Because this sample process was also in the presence of H2 S, typically 10 vol-%, but with a max. of 70 vol-%, the total wavelength band that is usable for BTEX calibration is significantly reduced. This is primarily due to H2 S absorbance saturation of the BTEX absorbances, creating what amounts to statistical noise. Fig. 5 illustrates this behaviour for reference. Given this behaviour, there’s a give-and-take relationship between minimum BTEX concentrations, acceptable H2 S concentration levels, and the pathlength used in maximising BTEX absorbance.
Through analysis and testing, AMETEK found that adding a total BTEX measurement in addition to the measurement of the “classic” feed gas components is possible. Similar to the measurement of total hydrocarbons (THC) there is no differentiation between benzene, toluene, ethylbenzene, and xylene. The output is presenting the total BTEX.
How to use the information
It is well understood, and previously mentioned, that the presence of BTEX can lead to major issues with the Claus catalysts. But what can be done? Permanent co-firing under the premise “let’s be on the safe side” will lead to higher CO2 emissions. Permanent co-firing is also a direct loss of money as the gas which is co-fired cannot be sold. So, the best case would be that BTEX would be prevented from entering the Claus thermal reactor. And in some cases, BTEX removal systems are used. But can these systems consistently remove all of the BTEX? AMETEK experiences indicate that they do not. So, preventing BTEX from ever entering the SRU is not realistic, making it a good idea to measure for it and know when it is entering and at what concentrations. BTEX will not be permanently present in the feed gas and will vary in concentration when it enters the SRU.
Because the amount of co-firing gas used depends on how much BTEX is present, considerations similar to those made for the presence of THCs are required and must be made quickly. Any BTEX concentration increase should immediately increase the amount of co-firing gas to ensure it is properly thermally destroyed while any BTEX concentration decrease should result in a reduction in co-firing gas.

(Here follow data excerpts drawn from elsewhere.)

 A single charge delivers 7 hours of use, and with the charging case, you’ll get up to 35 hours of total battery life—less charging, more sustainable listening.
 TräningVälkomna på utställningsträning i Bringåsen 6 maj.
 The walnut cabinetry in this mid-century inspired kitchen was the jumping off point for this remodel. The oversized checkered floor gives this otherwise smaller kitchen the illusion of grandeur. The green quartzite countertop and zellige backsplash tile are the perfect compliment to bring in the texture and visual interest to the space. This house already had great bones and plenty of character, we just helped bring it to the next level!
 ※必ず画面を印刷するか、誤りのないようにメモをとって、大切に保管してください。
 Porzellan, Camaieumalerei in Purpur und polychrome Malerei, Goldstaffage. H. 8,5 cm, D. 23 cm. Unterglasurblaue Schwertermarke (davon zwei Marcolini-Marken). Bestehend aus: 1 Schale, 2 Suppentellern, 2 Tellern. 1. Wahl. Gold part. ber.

After the BTEX goes away, the continued introduction of co-firing gas will result in wasted sellable gas and increased CO2 production, both negative outcomes.

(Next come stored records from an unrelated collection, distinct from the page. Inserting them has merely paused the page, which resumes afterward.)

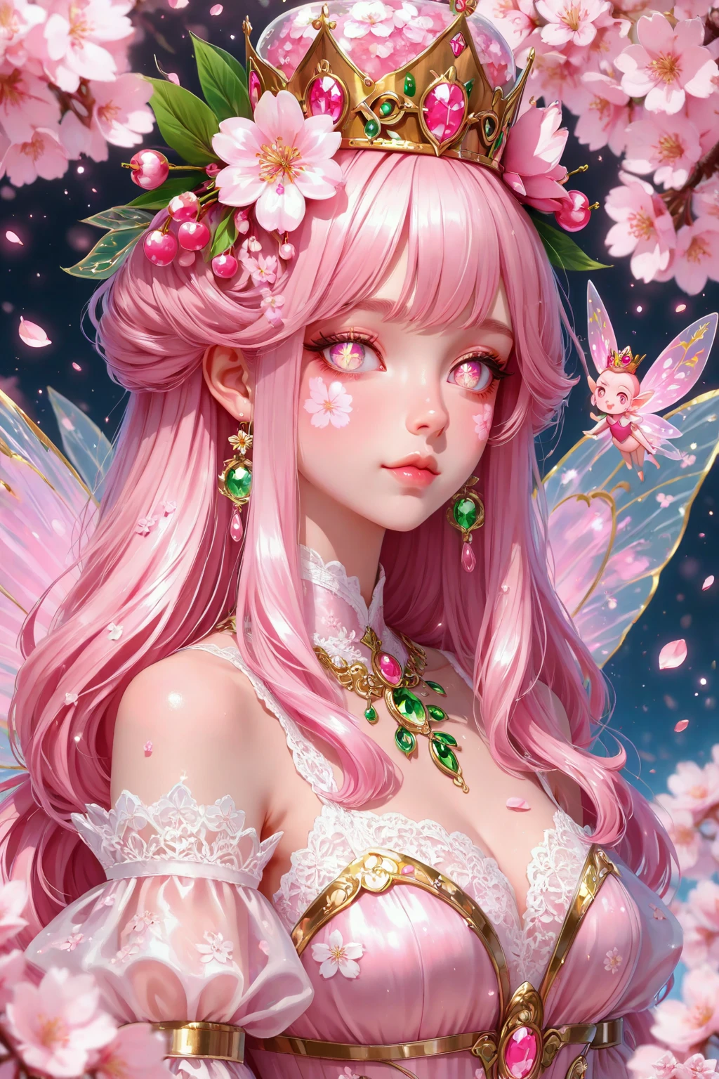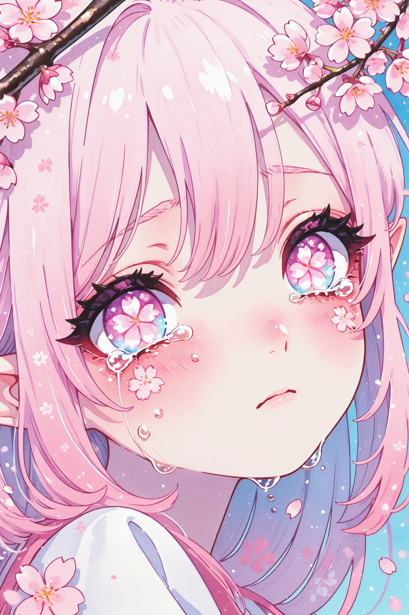 精准生成樱花眼(sakura_eyes),瞳中带花瓣、粉白渐变通透琉璃感
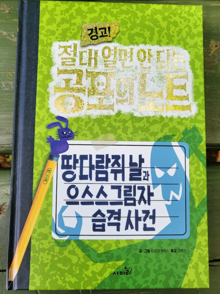 아이들의 상상력을 한껏 끌어올릴 수 있는 <경고! 절대 열면 안 되는 공포의 노트> 글줄책 읽기에 재미를 붙인 아이가 초3 아이가 시리즈가 나올 때마다 재밌게 읽고 있는 책인데요 '땅다람쥐 날과 으스스 그림자 습격 사건'으로 3권이 있어 함께 읽게 되었어요.
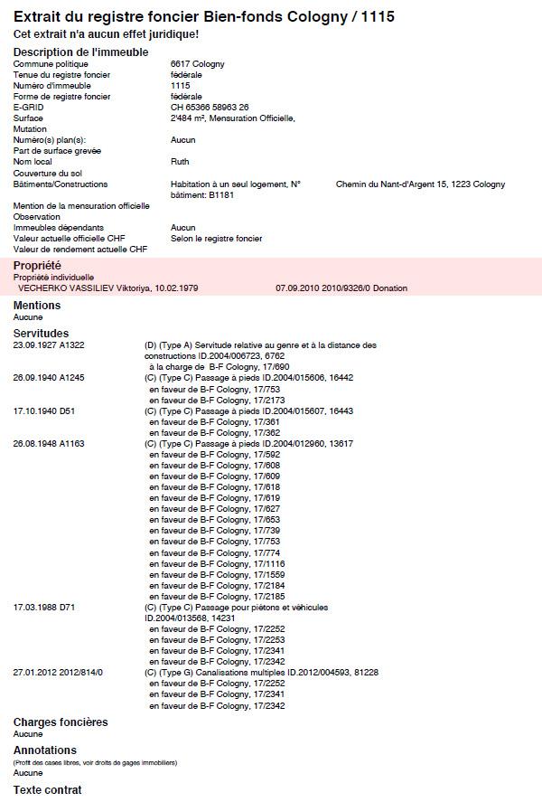 Лещенко отмечает: "В нашем распоряжении есть выписка из швейцарского реестра о принадлежности Виктории Вечерко дома на берегу Женевского озера, по адресу Chemin du Nant-d'Argent 15, 1223 Cologny.

Although speciation of the BTEX components is analytically possible with process gas chromatography (PGC) technology, the GC’s cycle time is too long to properly report changes in feed gas BTEX levels, thus significantly reducing any real improvements of co-firing gas management in the thermal reactor. However, these speciated measurements can be beneficial to a process specialist that is trying to better understand the root cause of the presence and varying concentrations of BTEX at the thermal reactor. Something to keep in mind.
Summary and conclusion
The initial investment in a feed gas measurement analyser and burner control system is not negligible and the application challenges are high with regards to measurement reliability and safety aspects (the SRU has the most toxic gas mixtures of the entire refinery). Successful examples exist of users that are benefitting from these analyser + control system configurations. But these installations work because of the cooperation of different functional teams. In order to achieve the goals of improving and optimising the overall unit performance, different technical disciplines have to work together, starting at the design phase of the processing unit and continuing through use of the analytical measurements during operation and proper predictive and reactive maintenance of the analytical devices. Choosing a “basic” instrument may result in not achieving the best possible process performance.
By adding BTEX measurement to the feed gas control system, plant operators can better adjust and control co-firing. This will lead to less natural gas use, optimal oxygen introduction, lower CO2 emissions, and longer catalyst life. Depending on current operational measurements and practices, significant money savings can be achieved.